**THE INPUT:**
========================
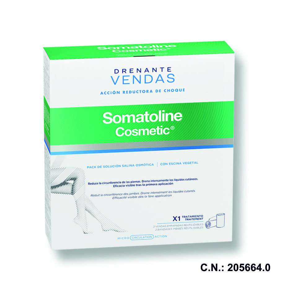 CN: 205664.0 • 1) Coloque las vendas impregnadas alrededor de la pierna empezando por el tobillo y solapando los bordes aproximadamente 1 cm. No las enrolle demasiado apretadas. • 2) Al llegar a la rodilla, estire la pierna y continúe envolviéndola hasta la zona de la ingle. • 3) Asegure el extremo bajo la última vuelta de la venda. Repita en la otra pierna. • 4) Póngase los pantalones y anúdeselos a la cintura. Relájese y deje que actúe durante al menos 50 minutos. • 5) Retire las vendas y limpie los restos que queden en la piel haciendo un masaje con movimientos ascendentes para intensificar los efectos del tratamiento.
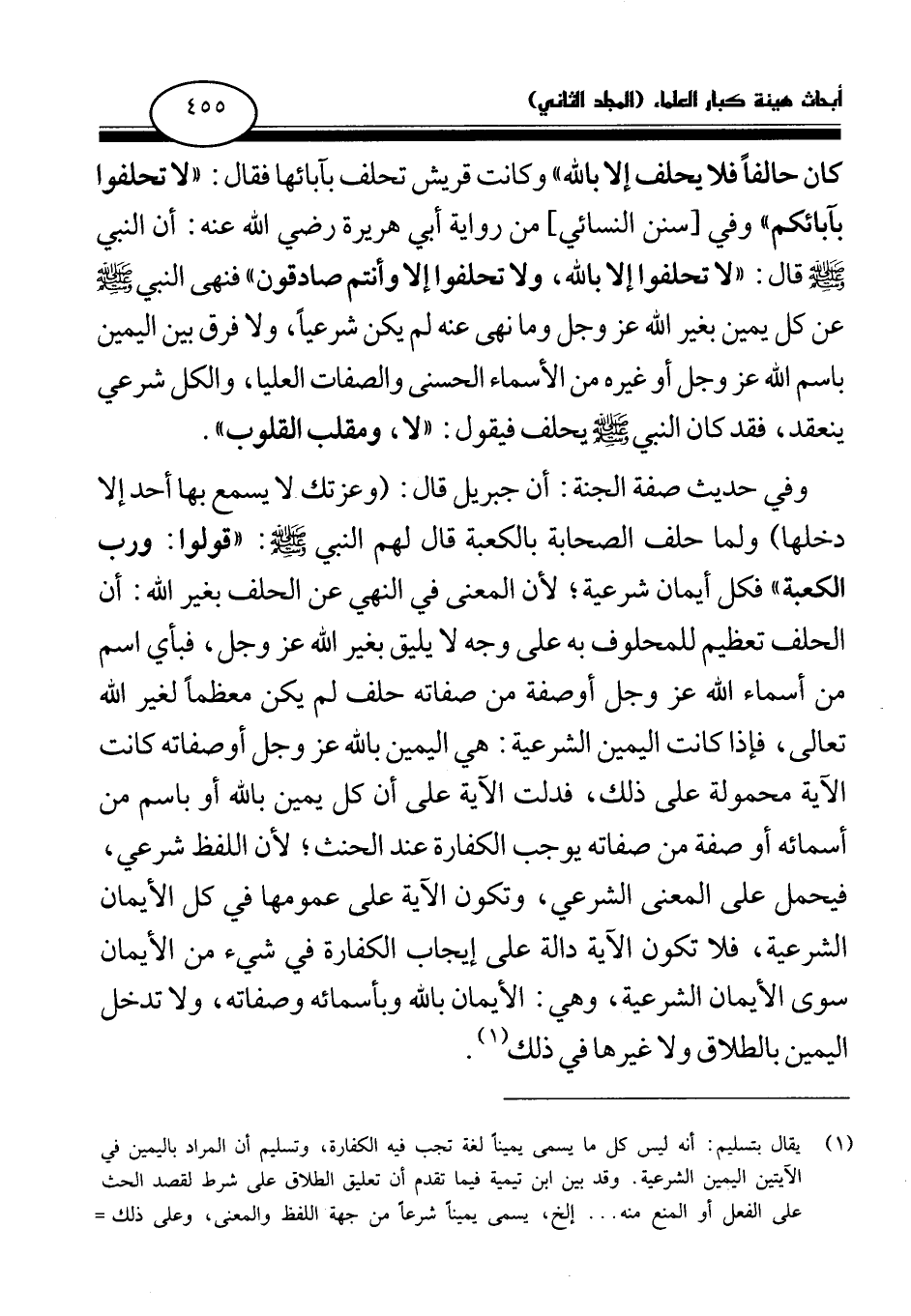 كان حالفا فلا يحلف إلا بالله (¬1) » وكانت قريش تحلف بآبائها فقال: «لا تحلفوا بآبائكم (¬2) » وفي [سنن النسائي] من رواية أبي هريرة رضي الله عنه: أن النبي صلى الله عليه وسلم قال: «لا تحلفوا إلا بالله، ولا تحلفوا إلا وأنتم صادقون (¬3) » فنهى النبي صلى الله عليه وسلم عن كل يمين بغير الله عز وجل وما نهى عنه لم يكن شرعيا، ولا فرق بين اليمين باسم الله عز وجل أو غيره من الأسماء الحسنى والصفات العليا، والكل شرعي ينعقد، فقد «كان النبي صلى الله عليه وسلم يحلف فيقول: "لا، ومقلب القلوب (¬4) » «وفي حديث صفة الجنة: أن جبريل قال: (وعزتك لا يسمع بها أحد إلا دخلها (¬5) » «ولما حلف الصحابة بالكعبة قال لهم النبي صلى الله عليه وسلم: "قولوا: ورب الكعبة (¬6) » فكل أيمان شرعية؛ لأن المعنى في النهي عن الحلف بغير الله: أن الحلف تعظيم للمحلوف به على وجه لا يليق بغير الله عز وجل، فبأي اسم من أسماء الله عز وجل أو صفة من صفاته حلف لم يكن معظما لغير الله تعالى، فإذا كانت اليمين الشرعية: هي اليمين بالله عز وجل أو صفاته كانت الآية محمولة على ذلك، فدلت الآية على أن كل يمين بالله أو باسم من أسمائه أو صفة من صفاته يوجب الكفارة عند الحنث؛ لأن اللفظ شرعي، فيحمل على المعنى الشرعي، وتكون الآية على عمومها في كل الأيمان الشرعية، فلا تكون الآية دالة على إيجاب الكفارة في شيء من الأيمان سوى الأيمان الشرعية، وهي: الأيمان بالله وبأسمائه وصفاته، ولا تدخل اليمين بالطلاق ولا غيرها في ذلك.
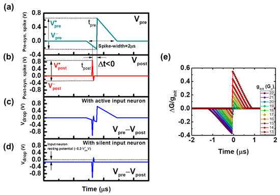 Pair of proposed pre (a) and post-synaptic (b) waveforms. Resulting voltage drop waveform applied to the sample for an active (c) and silent (d) pre-synaptic (input) neuron. (e) Balanced STDP function. Each curve corresponds to a different initial conductivity state of the same device.
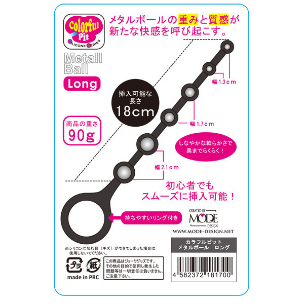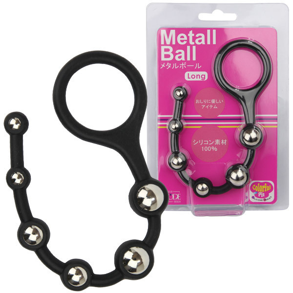メタル特有のヒンヤリ感を堪能出来るアナルグッズ「カラフルピット メタルボール ロング」。大・中・小が2つずつ連なったメタルボールを、ソフトなシリコン素材で包んだ、異素材同士のコラボによる斬新な快感!もち手リング付きで使いやすく、長めのボディで奥までラクラク!アナル上級者も大満足の使い心地が得られるアナルグッズです。
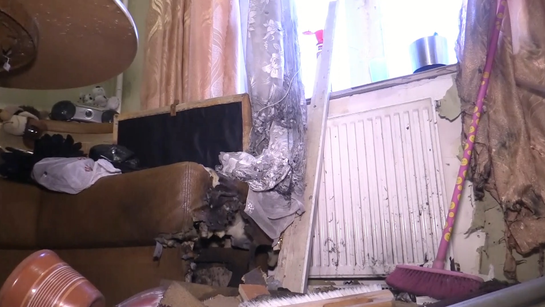 – Повреждения пошли по всей квартире, выбило межкомнатные двери. Первое, что мы сделали – вывели маму и детей из кухни в другую комнату, которая получила меньшие повреждения – там только вылетела дверь. Потом мы начали тушить – здесь немного горело. Мы смогли самостоятельно справиться с пожаром. Не верится, что это был просто фейерверк, потому что уничтожило все, – говорит Валерий Еркович.
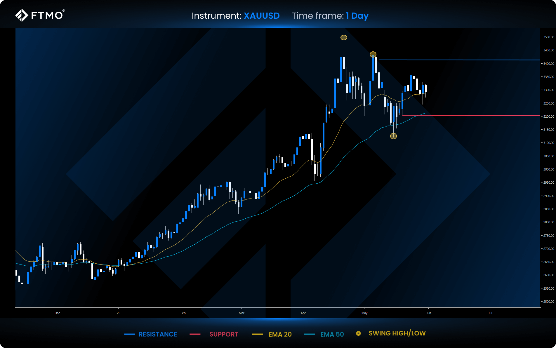 Market Context: Despite major macroeconomic events, gold spent last week in tight consolidation with no clear directional breakout. However, the price remains above both EMAs, maintaining a technically bullish outlook.
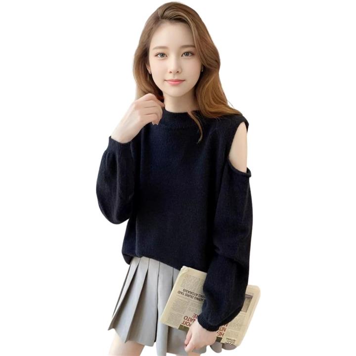 肩出しセーター ショルダーカット 長袖 ラウンドネック ニット ゆるシルエット パフスリーブ ヘルシーコーデ 大人リラクシー レディース |
========================
**TASK TO CARRY OUT:**
Retype the listing exactly. Pictures do not belong in the copy.

**TASK RESPONSE:**
 CN: 205664.0 • 1) Coloque las vendas impregnadas alrededor de la pierna empezando por el tobillo y solapando los bordes aproximadamente 1 cm. No las enrolle demasiado apretadas. • 2) Al llegar a la rodilla, estire la pierna y continúe envolviéndola hasta la zona de la ingle. • 3) Asegure el extremo bajo la última vuelta de la venda. Repita en la otra pierna. • 4) Póngase los pantalones y anúdeselos a la cintura. Relájese y deje que actúe durante al menos 50 minutos. • 5) Retire las vendas y limpie los restos que queden en la piel haciendo un masaje con movimientos ascendentes para intensificar los efectos del tratamiento.
 كان حالفا فلا يحلف إلا بالله (¬1) » وكانت قريش تحلف بآبائها فقال: «لا تحلفوا بآبائكم (¬2) » وفي [سنن النسائي] من رواية أبي هريرة رضي الله عنه: أن النبي صلى الله عليه وسلم قال: «لا تحلفوا إلا بالله، ولا تحلفوا إلا وأنتم صادقون (¬3) » فنهى النبي صلى الله عليه وسلم عن كل يمين بغير الله عز وجل وما نهى عنه لم يكن شرعيا، ولا فرق بين اليمين باسم الله عز وجل أو غيره من الأسماء الحسنى والصفات العليا، والكل شرعي ينعقد، فقد «كان النبي صلى الله عليه وسلم يحلف فيقول: "لا، ومقلب القلوب (¬4) » «وفي حديث صفة الجنة: أن جبريل قال: (وعزتك لا يسمع بها أحد إلا دخلها (¬5) » «ولما حلف الصحابة بالكعبة قال لهم النبي صلى الله عليه وسلم: "قولوا: ورب الكعبة (¬6) » فكل أيمان شرعية؛ لأن المعنى في النهي عن الحلف بغير الله: أن الحلف تعظيم للمحلوف به على وجه لا يليق بغير الله عز وجل، فبأي اسم من أسماء الله عز وجل أو صفة من صفاته حلف لم يكن معظما لغير الله تعالى، فإذا كانت اليمين الشرعية: هي اليمين بالله عز وجل أو صفاته كانت الآية محمولة على ذلك، فدلت الآية على أن كل يمين بالله أو باسم من أسمائه أو صفة من صفاته يوجب الكفارة عند الحنث؛ لأن اللفظ شرعي، فيحمل على المعنى الشرعي، وتكون الآية على عمومها في كل الأيمان الشرعية، فلا تكون الآية دالة على إيجاب الكفارة في شيء من الأيمان سوى الأيمان الشرعية، وهي: الأيمان بالله وبأسمائه وصفاته، ولا تدخل اليمين بالطلاق ولا غيرها في ذلك.
 Pair of proposed pre (a) and post-synaptic (b) waveforms. Resulting voltage drop waveform applied to the sample for an active (c) and silent (d) pre-synaptic (input) neuron. (e) Balanced STDP function. Each curve corresponds to a different initial conductivity state of the same device.
メタル特有のヒンヤリ感を堪能出来るアナルグッズ「カラフルピット メタルボール ロング」。大・中・小が2つずつ連なったメタルボールを、ソフトなシリコン素材で包んだ、異素材同士のコラボによる斬新な快感!もち手リング付きで使いやすく、長めのボディで奥までラクラク!アナル上級者も大満足の使い心地が得られるアナルグッズです。
 – Повреждения пошли по всей квартире, выбило межкомнатные двери. Первое, что мы сделали – вывели маму и детей из кухни в другую комнату, которая получила меньшие повреждения – там только вылетела дверь. Потом мы начали тушить – здесь немного горело. Мы смогли самостоятельно справиться с пожаром. Не верится, что это был просто фейерверк, потому что уничтожило все, – говорит Валерий Еркович.
 Market Context: Despite major macroeconomic events, gold spent last week in tight consolidation with no clear directional breakout. However, the price remains above both EMAs, maintaining a technically bullish outlook.
 肩出しセーター ショルダーカット 長袖 ラウンドネック ニット ゆるシルエット パフスリーブ ヘルシーコーデ 大人リラクシー レディース |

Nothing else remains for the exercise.